I know I'm jumping in here late, but I'd just like to state a perspective.

I've made reeds for 16 years now.

In the past four years I've played on a Loree Royal, Loree DM bore, Howarth XL, Loree CI, Loree MP, Hiniker, Laubin, and Marigaux full time. And for short stints. I've also spent time with Gordets, Rigoutats, Buffets, and Chauvets. Needless to say, I've been looking for the "magic oboe" that will play the Silvestrini etudes for me.

During these four years, I've also been averaging about 1200 reeds a year, so I'm close to 5000 reeds in the past four years, for oboes of pretty much every brand. During this time, I've learned a few truths about reeds.

1. One reed which works in one oboe won't necessarily work in another, even if they're they the same brand, vintage, etc.
2. One reed in the same oboe might be perfect for one player, and terrible for another. It all depends on tonal concept, embouchure, air support, etc.
3. The best anyone can expect from a reed not made by themselves is something that is responsive, stable (in pitch, and to some degree in tone), and plays with limited or little "sizzle".

Robin, your perspective sounds like it works for your oboe, your physical setup, and your tonal concept, but I think it's pretty darn hard to presume that a lot of your ideas, which are not necessarily "traditional" in other parts of the world, work across the board.
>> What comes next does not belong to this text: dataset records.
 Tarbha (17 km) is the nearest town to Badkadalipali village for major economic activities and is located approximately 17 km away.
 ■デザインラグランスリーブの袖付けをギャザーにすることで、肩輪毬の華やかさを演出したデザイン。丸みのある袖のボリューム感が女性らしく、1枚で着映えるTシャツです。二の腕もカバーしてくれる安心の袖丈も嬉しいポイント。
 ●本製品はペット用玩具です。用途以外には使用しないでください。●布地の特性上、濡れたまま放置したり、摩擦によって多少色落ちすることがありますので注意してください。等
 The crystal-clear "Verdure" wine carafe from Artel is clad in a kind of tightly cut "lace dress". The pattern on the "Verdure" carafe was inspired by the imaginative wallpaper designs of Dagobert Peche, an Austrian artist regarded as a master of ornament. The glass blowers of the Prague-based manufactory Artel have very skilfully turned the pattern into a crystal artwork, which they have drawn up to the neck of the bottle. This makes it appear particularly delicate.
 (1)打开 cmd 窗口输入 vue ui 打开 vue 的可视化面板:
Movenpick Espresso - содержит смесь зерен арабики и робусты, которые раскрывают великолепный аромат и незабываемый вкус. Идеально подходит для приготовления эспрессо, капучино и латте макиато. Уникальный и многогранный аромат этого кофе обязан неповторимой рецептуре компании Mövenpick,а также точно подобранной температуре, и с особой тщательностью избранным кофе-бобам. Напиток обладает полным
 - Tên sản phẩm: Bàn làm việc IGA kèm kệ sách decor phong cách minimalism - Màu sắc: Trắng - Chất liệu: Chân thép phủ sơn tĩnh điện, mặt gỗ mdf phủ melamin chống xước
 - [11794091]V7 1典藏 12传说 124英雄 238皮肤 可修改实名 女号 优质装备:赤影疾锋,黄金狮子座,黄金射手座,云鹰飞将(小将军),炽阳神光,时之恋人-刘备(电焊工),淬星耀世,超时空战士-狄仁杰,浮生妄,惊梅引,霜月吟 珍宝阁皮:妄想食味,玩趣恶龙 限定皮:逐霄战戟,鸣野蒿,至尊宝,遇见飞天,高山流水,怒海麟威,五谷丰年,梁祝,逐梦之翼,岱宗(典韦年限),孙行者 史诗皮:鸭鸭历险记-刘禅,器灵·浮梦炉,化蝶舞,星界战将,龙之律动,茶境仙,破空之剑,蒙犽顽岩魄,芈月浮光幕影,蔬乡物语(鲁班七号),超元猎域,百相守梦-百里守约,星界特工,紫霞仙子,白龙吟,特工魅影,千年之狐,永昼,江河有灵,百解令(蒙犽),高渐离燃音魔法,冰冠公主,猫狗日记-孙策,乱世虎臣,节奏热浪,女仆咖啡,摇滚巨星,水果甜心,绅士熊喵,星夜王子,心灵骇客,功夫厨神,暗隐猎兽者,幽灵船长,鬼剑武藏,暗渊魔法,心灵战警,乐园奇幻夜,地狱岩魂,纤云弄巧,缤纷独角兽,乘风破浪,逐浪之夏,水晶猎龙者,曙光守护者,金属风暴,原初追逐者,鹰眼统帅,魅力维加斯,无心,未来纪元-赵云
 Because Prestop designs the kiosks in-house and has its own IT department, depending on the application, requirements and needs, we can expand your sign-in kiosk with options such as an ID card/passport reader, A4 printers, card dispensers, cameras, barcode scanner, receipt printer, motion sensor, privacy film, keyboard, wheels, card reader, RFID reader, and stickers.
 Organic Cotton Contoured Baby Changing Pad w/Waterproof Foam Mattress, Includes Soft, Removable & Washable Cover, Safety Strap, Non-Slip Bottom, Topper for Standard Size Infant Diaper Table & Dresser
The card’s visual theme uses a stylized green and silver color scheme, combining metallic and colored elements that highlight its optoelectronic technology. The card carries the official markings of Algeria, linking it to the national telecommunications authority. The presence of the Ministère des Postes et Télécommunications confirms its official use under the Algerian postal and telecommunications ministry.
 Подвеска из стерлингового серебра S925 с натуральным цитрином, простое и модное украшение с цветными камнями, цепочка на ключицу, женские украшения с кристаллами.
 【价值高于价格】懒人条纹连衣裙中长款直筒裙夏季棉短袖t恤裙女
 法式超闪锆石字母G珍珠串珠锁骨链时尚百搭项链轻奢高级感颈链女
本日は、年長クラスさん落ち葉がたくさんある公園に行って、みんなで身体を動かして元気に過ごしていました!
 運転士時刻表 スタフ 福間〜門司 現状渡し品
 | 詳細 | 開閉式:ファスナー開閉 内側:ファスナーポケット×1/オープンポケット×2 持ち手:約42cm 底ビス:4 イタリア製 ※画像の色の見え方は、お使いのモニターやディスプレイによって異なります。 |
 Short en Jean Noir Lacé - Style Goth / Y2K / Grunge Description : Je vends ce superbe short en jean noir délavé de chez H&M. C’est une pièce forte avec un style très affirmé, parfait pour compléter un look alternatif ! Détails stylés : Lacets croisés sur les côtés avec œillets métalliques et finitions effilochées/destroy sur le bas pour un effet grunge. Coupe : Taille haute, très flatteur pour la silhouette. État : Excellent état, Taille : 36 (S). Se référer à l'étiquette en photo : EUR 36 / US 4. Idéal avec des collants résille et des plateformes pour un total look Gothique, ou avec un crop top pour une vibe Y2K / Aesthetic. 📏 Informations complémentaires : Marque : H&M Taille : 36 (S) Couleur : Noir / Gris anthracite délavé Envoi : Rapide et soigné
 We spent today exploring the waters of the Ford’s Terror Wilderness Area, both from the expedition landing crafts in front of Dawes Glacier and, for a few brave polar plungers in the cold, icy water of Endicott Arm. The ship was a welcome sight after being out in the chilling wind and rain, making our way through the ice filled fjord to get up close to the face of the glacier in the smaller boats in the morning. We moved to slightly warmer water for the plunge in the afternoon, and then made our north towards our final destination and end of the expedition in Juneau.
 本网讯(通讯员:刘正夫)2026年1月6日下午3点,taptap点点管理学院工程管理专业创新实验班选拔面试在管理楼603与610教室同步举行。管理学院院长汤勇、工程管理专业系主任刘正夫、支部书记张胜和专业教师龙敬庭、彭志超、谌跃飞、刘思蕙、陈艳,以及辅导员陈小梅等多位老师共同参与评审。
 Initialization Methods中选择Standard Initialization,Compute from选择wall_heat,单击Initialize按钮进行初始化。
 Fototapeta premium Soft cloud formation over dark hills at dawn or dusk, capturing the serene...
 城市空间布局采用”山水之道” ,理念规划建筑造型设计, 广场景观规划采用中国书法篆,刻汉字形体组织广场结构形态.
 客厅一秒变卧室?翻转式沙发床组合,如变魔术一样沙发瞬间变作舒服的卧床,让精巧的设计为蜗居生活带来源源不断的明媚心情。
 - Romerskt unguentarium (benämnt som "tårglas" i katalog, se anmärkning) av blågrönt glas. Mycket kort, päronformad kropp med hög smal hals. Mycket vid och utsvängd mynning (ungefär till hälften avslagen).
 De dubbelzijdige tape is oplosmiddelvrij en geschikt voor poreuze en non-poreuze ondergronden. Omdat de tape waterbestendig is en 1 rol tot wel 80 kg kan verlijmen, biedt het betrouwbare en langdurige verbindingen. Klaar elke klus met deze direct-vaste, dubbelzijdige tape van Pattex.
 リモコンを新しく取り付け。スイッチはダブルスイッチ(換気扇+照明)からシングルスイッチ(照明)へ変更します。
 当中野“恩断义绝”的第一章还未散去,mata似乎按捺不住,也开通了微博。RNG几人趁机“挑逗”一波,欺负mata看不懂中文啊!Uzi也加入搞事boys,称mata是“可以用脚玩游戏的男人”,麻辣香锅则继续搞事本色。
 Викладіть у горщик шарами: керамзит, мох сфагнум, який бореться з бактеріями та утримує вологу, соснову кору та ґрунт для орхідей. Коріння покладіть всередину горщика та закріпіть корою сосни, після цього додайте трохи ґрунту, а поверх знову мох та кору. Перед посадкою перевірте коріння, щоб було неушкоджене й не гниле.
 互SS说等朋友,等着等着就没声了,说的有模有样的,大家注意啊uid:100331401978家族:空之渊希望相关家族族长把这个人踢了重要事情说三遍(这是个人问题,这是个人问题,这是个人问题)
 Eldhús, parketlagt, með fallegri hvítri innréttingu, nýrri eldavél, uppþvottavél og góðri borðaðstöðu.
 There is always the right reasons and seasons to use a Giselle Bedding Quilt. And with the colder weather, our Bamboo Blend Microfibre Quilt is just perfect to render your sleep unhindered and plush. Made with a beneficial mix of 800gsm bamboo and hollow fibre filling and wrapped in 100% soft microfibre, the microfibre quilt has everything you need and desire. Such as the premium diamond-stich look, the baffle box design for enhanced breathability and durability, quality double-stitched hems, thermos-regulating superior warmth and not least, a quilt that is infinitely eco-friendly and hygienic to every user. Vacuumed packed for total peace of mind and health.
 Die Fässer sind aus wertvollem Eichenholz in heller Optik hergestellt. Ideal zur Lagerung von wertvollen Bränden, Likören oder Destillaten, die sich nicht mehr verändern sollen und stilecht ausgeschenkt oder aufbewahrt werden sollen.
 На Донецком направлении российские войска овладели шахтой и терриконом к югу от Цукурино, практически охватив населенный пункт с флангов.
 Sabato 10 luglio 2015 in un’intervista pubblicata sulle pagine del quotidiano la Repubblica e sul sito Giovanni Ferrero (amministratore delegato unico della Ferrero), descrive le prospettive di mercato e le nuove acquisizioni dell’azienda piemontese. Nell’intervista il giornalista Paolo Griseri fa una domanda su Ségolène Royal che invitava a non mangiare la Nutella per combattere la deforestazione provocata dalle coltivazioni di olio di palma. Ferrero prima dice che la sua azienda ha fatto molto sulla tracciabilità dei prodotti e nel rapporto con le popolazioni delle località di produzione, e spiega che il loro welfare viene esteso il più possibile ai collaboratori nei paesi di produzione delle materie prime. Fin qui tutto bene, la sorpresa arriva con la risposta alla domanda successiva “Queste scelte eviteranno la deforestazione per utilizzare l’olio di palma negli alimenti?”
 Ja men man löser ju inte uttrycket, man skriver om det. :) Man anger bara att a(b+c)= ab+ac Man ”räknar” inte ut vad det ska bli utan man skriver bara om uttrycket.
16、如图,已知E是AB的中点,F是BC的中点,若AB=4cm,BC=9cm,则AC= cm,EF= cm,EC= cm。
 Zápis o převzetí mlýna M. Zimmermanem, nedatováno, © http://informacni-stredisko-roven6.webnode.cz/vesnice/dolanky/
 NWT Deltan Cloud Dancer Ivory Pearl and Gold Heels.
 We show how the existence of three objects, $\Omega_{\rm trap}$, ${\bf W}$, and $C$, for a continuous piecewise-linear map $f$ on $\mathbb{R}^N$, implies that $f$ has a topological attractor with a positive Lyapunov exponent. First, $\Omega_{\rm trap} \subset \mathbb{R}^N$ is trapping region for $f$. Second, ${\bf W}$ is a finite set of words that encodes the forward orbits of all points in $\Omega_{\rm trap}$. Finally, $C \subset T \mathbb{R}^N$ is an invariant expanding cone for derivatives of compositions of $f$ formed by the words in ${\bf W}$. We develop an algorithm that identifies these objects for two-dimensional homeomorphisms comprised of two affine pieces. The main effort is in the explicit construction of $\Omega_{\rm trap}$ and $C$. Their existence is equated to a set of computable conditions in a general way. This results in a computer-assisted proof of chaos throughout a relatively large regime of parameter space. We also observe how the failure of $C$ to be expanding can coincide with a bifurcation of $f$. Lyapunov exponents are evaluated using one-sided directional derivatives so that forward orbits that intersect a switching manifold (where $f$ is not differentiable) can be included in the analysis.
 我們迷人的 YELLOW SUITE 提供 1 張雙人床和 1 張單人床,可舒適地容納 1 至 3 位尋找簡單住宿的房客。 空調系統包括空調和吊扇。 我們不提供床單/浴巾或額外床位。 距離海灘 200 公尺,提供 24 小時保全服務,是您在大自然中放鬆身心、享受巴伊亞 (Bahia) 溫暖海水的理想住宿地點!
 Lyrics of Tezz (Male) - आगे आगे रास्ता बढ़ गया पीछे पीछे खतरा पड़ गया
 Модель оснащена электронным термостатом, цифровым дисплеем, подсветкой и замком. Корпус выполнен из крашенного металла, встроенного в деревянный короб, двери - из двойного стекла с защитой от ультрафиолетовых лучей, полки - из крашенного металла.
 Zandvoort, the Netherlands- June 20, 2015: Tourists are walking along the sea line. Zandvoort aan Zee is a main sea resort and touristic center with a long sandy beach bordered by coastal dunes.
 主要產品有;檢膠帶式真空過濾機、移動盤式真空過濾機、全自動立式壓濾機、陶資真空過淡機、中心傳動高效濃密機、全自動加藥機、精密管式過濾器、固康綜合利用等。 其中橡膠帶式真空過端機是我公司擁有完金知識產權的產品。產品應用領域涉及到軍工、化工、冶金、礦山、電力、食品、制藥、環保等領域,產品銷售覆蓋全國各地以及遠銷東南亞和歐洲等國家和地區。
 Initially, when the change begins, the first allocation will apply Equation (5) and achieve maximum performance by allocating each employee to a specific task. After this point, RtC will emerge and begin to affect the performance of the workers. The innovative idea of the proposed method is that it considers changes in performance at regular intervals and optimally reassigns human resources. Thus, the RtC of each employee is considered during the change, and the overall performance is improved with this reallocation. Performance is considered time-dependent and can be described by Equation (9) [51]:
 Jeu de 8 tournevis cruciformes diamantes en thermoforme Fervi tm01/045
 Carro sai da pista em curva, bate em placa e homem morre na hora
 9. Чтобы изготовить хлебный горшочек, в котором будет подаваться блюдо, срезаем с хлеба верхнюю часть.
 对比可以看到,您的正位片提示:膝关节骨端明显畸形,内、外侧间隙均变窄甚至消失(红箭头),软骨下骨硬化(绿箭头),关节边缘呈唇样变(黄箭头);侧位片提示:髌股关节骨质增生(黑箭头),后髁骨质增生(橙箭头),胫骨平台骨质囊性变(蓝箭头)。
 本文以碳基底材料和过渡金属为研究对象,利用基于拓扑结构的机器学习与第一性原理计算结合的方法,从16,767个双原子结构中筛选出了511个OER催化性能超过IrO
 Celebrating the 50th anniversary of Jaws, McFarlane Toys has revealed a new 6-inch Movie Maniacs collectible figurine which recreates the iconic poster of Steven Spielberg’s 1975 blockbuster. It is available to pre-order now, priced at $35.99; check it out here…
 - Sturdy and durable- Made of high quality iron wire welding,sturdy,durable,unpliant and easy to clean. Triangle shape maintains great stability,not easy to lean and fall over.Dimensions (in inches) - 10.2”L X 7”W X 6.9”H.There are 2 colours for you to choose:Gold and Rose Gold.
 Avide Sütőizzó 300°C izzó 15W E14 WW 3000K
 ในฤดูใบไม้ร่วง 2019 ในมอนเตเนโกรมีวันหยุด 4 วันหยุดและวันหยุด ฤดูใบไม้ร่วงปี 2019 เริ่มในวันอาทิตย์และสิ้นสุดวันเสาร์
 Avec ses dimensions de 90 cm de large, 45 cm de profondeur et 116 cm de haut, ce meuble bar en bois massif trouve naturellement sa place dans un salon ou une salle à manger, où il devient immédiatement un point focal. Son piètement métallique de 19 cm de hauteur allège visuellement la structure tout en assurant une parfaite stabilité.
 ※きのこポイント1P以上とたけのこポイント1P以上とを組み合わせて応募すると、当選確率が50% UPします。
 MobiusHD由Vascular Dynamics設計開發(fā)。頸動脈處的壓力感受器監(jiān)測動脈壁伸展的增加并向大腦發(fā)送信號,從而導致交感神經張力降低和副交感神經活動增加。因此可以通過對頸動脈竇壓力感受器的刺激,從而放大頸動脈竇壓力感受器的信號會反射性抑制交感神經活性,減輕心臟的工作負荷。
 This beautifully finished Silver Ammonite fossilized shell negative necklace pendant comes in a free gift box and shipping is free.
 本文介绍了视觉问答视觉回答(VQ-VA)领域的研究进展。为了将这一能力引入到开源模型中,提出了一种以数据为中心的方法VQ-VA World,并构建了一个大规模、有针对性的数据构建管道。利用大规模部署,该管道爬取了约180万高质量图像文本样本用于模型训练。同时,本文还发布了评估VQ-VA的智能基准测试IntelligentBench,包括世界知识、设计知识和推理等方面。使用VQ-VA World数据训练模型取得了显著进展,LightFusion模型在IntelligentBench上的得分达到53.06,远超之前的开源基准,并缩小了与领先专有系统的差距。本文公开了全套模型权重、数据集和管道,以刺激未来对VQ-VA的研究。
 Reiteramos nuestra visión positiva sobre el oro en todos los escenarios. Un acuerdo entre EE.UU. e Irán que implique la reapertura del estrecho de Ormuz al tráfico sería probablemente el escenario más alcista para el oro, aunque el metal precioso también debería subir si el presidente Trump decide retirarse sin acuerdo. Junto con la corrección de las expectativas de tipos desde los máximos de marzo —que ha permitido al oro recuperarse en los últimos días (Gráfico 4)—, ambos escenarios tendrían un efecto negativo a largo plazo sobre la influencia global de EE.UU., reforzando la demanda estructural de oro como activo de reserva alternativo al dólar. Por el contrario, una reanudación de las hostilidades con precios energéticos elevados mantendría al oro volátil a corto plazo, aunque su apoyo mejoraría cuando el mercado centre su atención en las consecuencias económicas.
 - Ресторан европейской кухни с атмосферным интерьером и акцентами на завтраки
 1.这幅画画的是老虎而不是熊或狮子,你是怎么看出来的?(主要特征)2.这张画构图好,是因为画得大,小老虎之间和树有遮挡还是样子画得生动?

You state that "making reeds is easy", and that might be true for your oboe, and what you demand out of a reed. However, whether we're the amateur player playing every other day or a professional playing 5 hours a day, I don't think it's fair to assume that making reeds is "easy" for everyone. Heck, after 5000 reeds, I still struggle with matching the ability of my reeds to the demands of whatever I'm playing, be it solo, chamber, or orchestral.

Just my two cents.

Cooper

Note: I've since gone back to older Lorees. CU and DX.

Blog, An Oboe In Paradise
Solo Oboe, Thailand Philharmonic Orchestra

Post Edited (2010-05-30 17:40)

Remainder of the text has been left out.